Translating the words was very helpful to better understand the data. One thing that’s clear is that some of the values are totals of other values. Below I list which values in the data are actually sums of other values:
- adult cattle: Total of cows, heifers, and bulls
- cattle: Total of adult cattle and calves
- calves: Total of calves (< 9 months) and calves (9-12 months)
If we are interested in what the totals are made of, we can remove the total columns and reconstruct them later if we want to. This works for the first two total columns, but not calves because they only started making the distinction between young and older calves in 2009. So let’s instead remove the values that the total values are made of and only keep the total values.
This leaves us with the following animals.
animal | n |
---|---|
broilers | 422 |
cattle | 422 |
chicken (mostly layers) | 422 |
goats | 422 |
pigs | 422 |
poultry (misc) | 422 |
sheep | 422 |
turkeys | 422 |
ungulates (mostly horses) | 422 |
This looks fine to me, which means we are almost done with the data
cleaning. At this point I want to create two separate data frames: one
that only contains the annual data and one that contains the monthly
data. This is easy to do because we can take all the annual data by
simply selecting the rows with a missing value in the month
column.
And since the month
column is useless in that data frame, we remove
it.
As a final step we can combine the year
and month
columns from the
monthly data frame into a single column, which will be useful for
plotting the data later. This requires a special function from the zoo
package (as.yearmon()
)
Data analysis
With the data cleaned up we can start to ask some questions. Let’s begin with a graph that shows as much of the data as possible. That means plotting the monthly data for each animal.

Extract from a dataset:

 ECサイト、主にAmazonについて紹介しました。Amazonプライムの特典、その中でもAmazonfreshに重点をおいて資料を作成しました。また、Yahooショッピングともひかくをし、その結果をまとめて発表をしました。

The monthly numbers seem to fluctuate quite a bit, so let’s plot annual data instead.
That’s clearer.
The first thing that jumps out to me is that some of the numbers are very high. In fact, they’re so high that ggplot has switched to the scientific notation to represent the numbers.

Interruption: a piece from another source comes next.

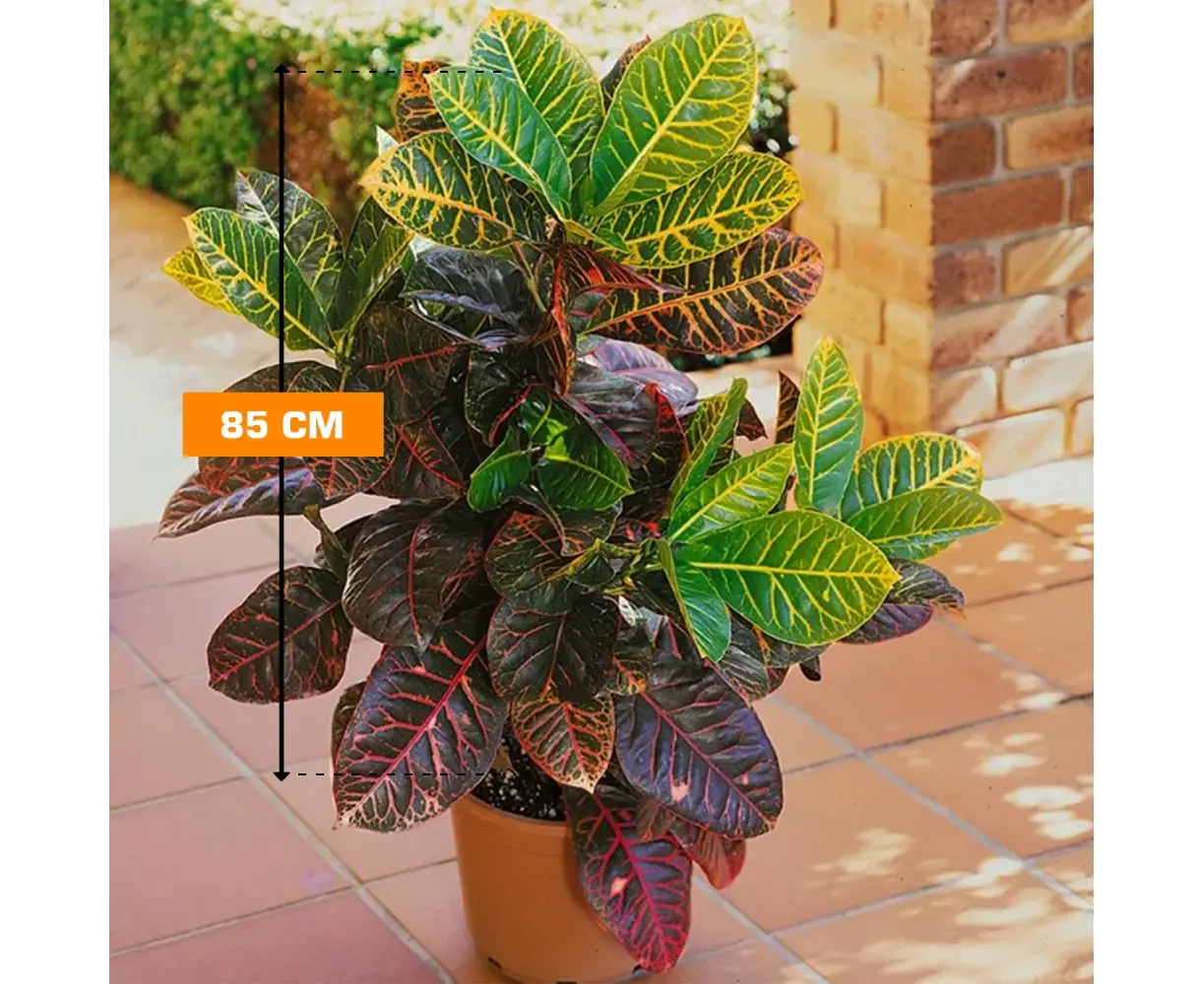 ფერადოვანი და გამორჩეული შიდა მცენარე, რომელიც გამოირჩევა კაშკაშა ფოთლებით — მუქი მწვანე, ყვითელი, ნარინჯისფერი და წითელი ტონებით. მისი მტკიცე ღეროები და ფართე, კონტრასტული ფოთლები შესანიშნავად ამდიდრებს ინტერიერს და ქმნის ტროპიკულ ატმოსფეროს. წარმოდგენილია 3PP (სამღერო) ფორმატში, რაც სიძლიერესა და სიმჭიდროვეს უზრუნველყოფს.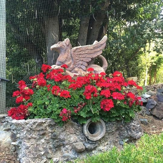 The stone gryphon nested in a bed of bright red flowers. His front paw raised, his wings tucked back, he stared over the wide lawn and the terraces of lavender. Enchanting. Elegant.

I also see an increase in the number of animals slaughtered for some of the animal groups, such as goats and non-broiler chickens. There has also been a steady increase in the number of slaughtered broiler chickens over the years, although it has decreased somewhat in the last several years. I don’t know why that is.

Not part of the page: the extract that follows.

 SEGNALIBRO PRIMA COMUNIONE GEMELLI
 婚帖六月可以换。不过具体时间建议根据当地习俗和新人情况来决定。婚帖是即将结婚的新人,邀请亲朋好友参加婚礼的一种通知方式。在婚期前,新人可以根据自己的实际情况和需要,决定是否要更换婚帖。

There are several other animal groups that have had worse years, like cattle and pigs. We see a huge drop around the year 2000, caused by the outbreak of foot-and-mouth disease and subsequent regulation. The numbers have been increasing again since, which I figured was the case, but I did not know that there was a time when even more of these animals were being slaughtered.
Let’s hone in on some exact numbers. Below we create a table to show the number of slaughtered animals in 2021, per animal.
animal | count |
---|---|
broilers | 500732500 |
chicken (mostly layers) | 20079200 |
pigs | 17236800 |
cattle | 2093300 |
sheep | 672400 |
goats | 218700 |
poultry (misc) | 4800 |
ungulates (mostly horses) | 1800 |
turkeys | 0 |
Oof. That’s over 500 million chickens! For reference, the Netherlands had a population of 17.17 million people in 2021.
How many animals were slaughtered in total, in 2021?
Apparently a total of 541039500, or 17.16 animals per second. That’s a bit of a bummer to end on, but then, this post was never going to have a happy ending.